* **PROBLEM DESCRIPTION**:
Without any images, write the listing below out word for word.
++++++++
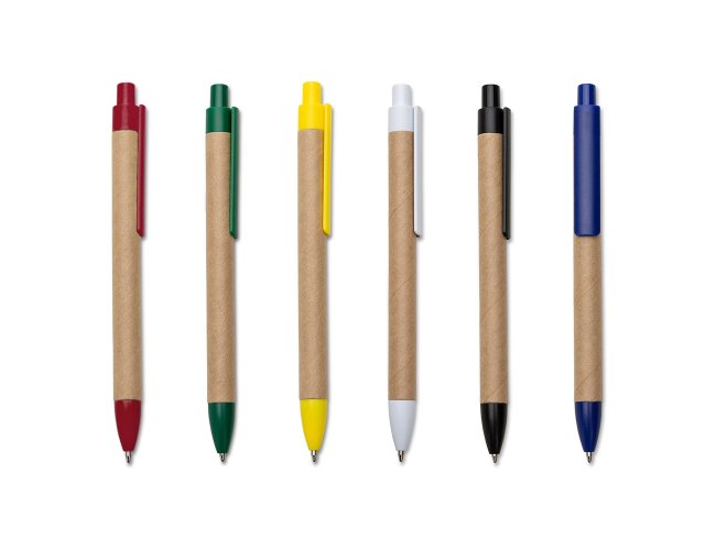 Caneta de papelão com detalhes plásticos, carga esferográfica azul 1.0 mm e acionamento por clique.
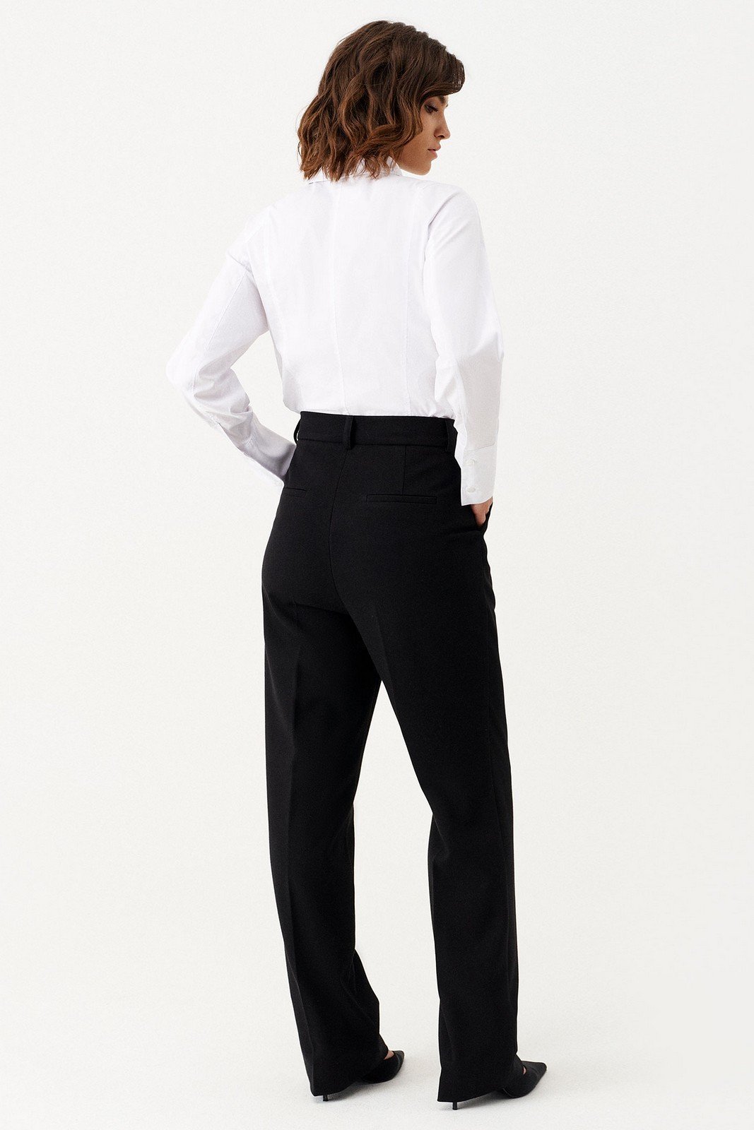 Брюки женские из поливискозной ткани для повседневной носки. Брюки прямые, слегка зауженные. На передней части брюк есть боковые карманы.Верх брюк обработан отрезным поясом, застёгивающийся на тесьму-молнию и потайной крючок. На задней части брюк есть талиевые вытаки и прорезные карманы. Ткань однотонная.
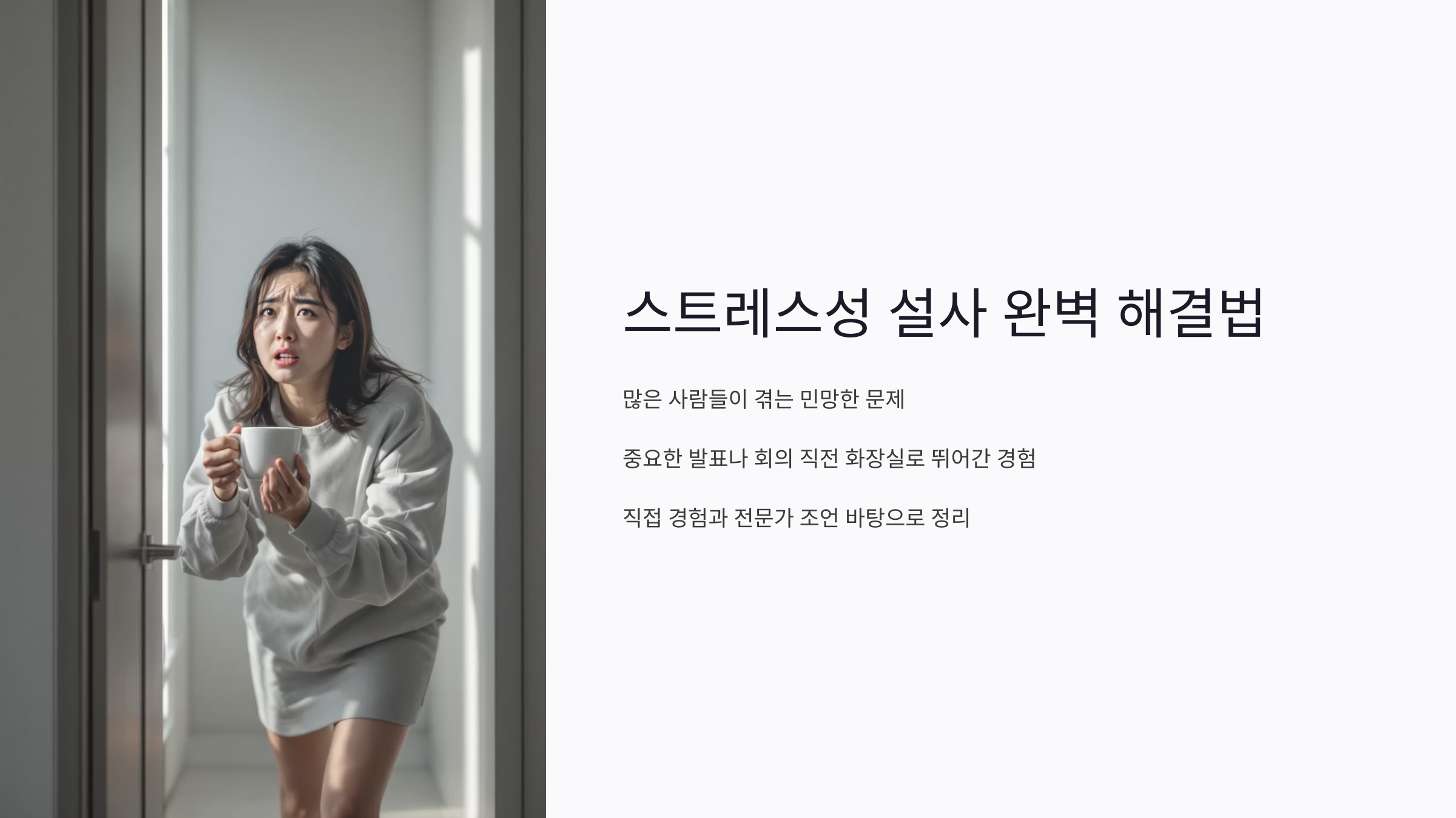 아침마다 화장실을 들락날락하는 당신, 혹시 중요한 발표나 회의 직전에 배가 아파 화장실로 뛰어간 경험 있으신가요?
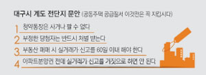 대구시 도시재창조국 관계자들은 지난주 두 차례 긴급회의를 열고 불법 점프 통장의 근절 대책을 마련했다. 향후 분양 단지를 중심으로 견본주택 등에서 집중 단속을 펴고 부정한 당첨자는 반드시 처벌받는다는 내용의 유인물을 배포한다. 부정 청약자로 의심되는 이들에 대한 데이터베이스를 구축해서 이후 국세청과 경찰에 수사를 의뢰한다는 방침도 정했다.
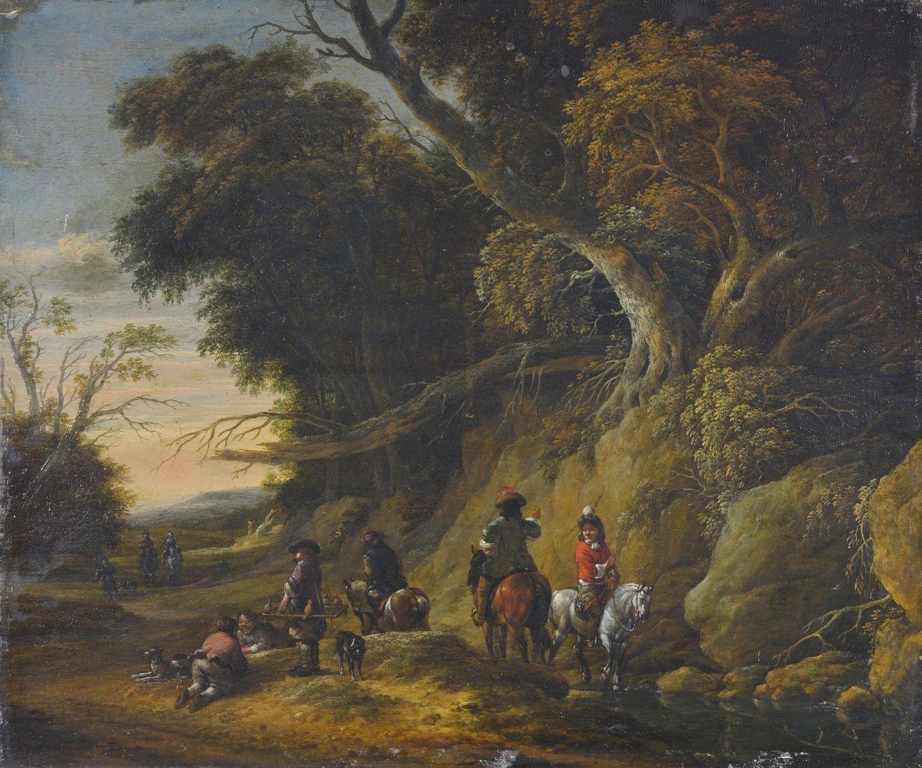 Cavaliers en chemin, huile sur panneau, signée S Romb en bas à droite, 34x40 cm. Provenance: achat Munich, juin 1947, dans la même famille depuis lors
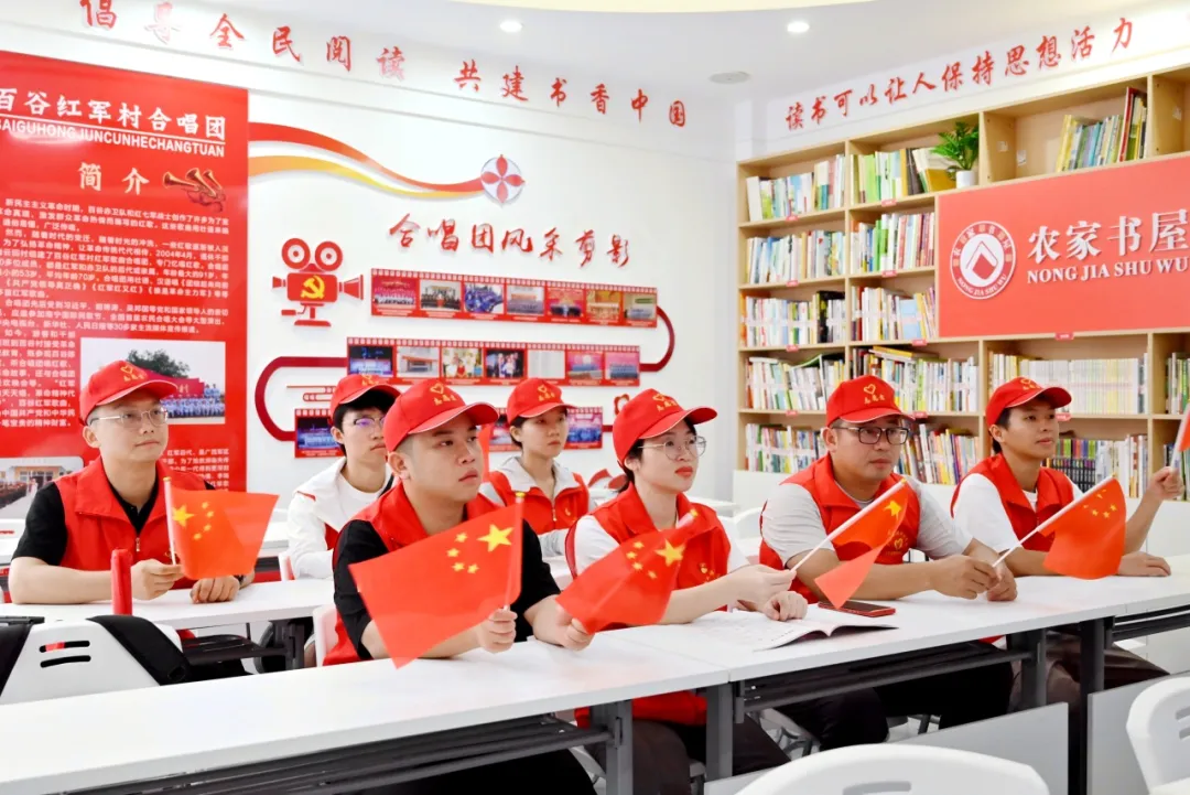 在百谷紅軍村,百谷紅軍村革命后代家屬帶領(lǐng)全體實(shí)踐團(tuán)、服務(wù)團(tuán)成員參觀了百谷紅軍村陳列室,她講解了百谷紅軍紅色革命故事。1929年12月,鄧小平、張?jiān)埔莸葻o(wú)產(chǎn)階級(jí)革命家領(lǐng)導(dǎo)和發(fā)動(dòng)了百色起義,建立紅七軍和右江蘇維埃政權(quán),創(chuàng)建右江革命根據(jù)地。百谷村131人參加革命,其中50多人參加紅七軍和農(nóng)民協(xié)會(huì),為鞏固和發(fā)展右江革命根據(jù)地的建設(shè)作出了積極貢獻(xiàn)。她將百谷村的歷史及百谷村發(fā)展現(xiàn)狀等向?qū)嵺`團(tuán)、服務(wù)團(tuán)成員進(jìn)行了講解,并深入交流了鄉(xiāng)村的文化建設(shè)。此外,百谷紅軍村革命后代家屬還帶領(lǐng)了全體師生黨員齊唱了《紅軍紅又紅》《工農(nóng)革命要團(tuán)結(jié)》《誰(shuí)是革命主力軍》《共產(chǎn)黨領(lǐng)導(dǎo)真正確》等紅歌。
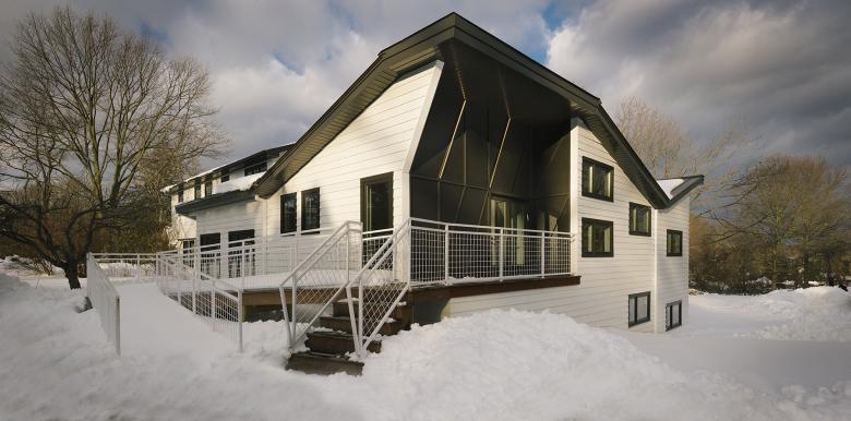 Materials: Standing seam enamel metal roof, recycled fiber cement panels, Steel and wood insulated windows, certified harvested wood floors, 2 by 6 balloon frame construction.
++++++++
* **RESPONSE**:
 Caneta de papelão com detalhes plásticos, carga esferográfica azul 1.0 mm e acionamento por clique.
 Брюки женские из поливискозной ткани для повседневной носки. Брюки прямые, слегка зауженные. На передней части брюк есть боковые карманы.Верх брюк обработан отрезным поясом, застёгивающийся на тесьму-молнию и потайной крючок. На задней части брюк есть талиевые вытаки и прорезные карманы. Ткань однотонная.
 아침마다 화장실을 들락날락하는 당신, 혹시 중요한 발표나 회의 직전에 배가 아파 화장실로 뛰어간 경험 있으신가요?
 대구시 도시재창조국 관계자들은 지난주 두 차례 긴급회의를 열고 불법 점프 통장의 근절 대책을 마련했다. 향후 분양 단지를 중심으로 견본주택 등에서 집중 단속을 펴고 부정한 당첨자는 반드시 처벌받는다는 내용의 유인물을 배포한다. 부정 청약자로 의심되는 이들에 대한 데이터베이스를 구축해서 이후 국세청과 경찰에 수사를 의뢰한다는 방침도 정했다.
 Cavaliers en chemin, huile sur panneau, signée S Romb en bas à droite, 34x40 cm. Provenance: achat Munich, juin 1947, dans la même famille depuis lors
 在百谷紅軍村,百谷紅軍村革命后代家屬帶領(lǐng)全體實(shí)踐團(tuán)、服務(wù)團(tuán)成員參觀了百谷紅軍村陳列室,她講解了百谷紅軍紅色革命故事。1929年12月,鄧小平、張?jiān)埔莸葻o(wú)產(chǎn)階級(jí)革命家領(lǐng)導(dǎo)和發(fā)動(dòng)了百色起義,建立紅七軍和右江蘇維埃政權(quán),創(chuàng)建右江革命根據(jù)地。百谷村131人參加革命,其中50多人參加紅七軍和農(nóng)民協(xié)會(huì),為鞏固和發(fā)展右江革命根據(jù)地的建設(shè)作出了積極貢獻(xiàn)。她將百谷村的歷史及百谷村發(fā)展現(xiàn)狀等向?qū)嵺`團(tuán)、服務(wù)團(tuán)成員進(jìn)行了講解,并深入交流了鄉(xiāng)村的文化建設(shè)。此外,百谷紅軍村革命后代家屬還帶領(lǐng)了全體師生黨員齊唱了《紅軍紅又紅》《工農(nóng)革命要團(tuán)結(jié)》《誰(shuí)是革命主力軍》《共產(chǎn)黨領(lǐng)導(dǎo)真正確》等紅歌。
 Materials: Standing seam enamel metal roof, recycled fiber cement panels, Steel and wood insulated windows, certified harvested wood floors, 2 by 6 balloon frame construction.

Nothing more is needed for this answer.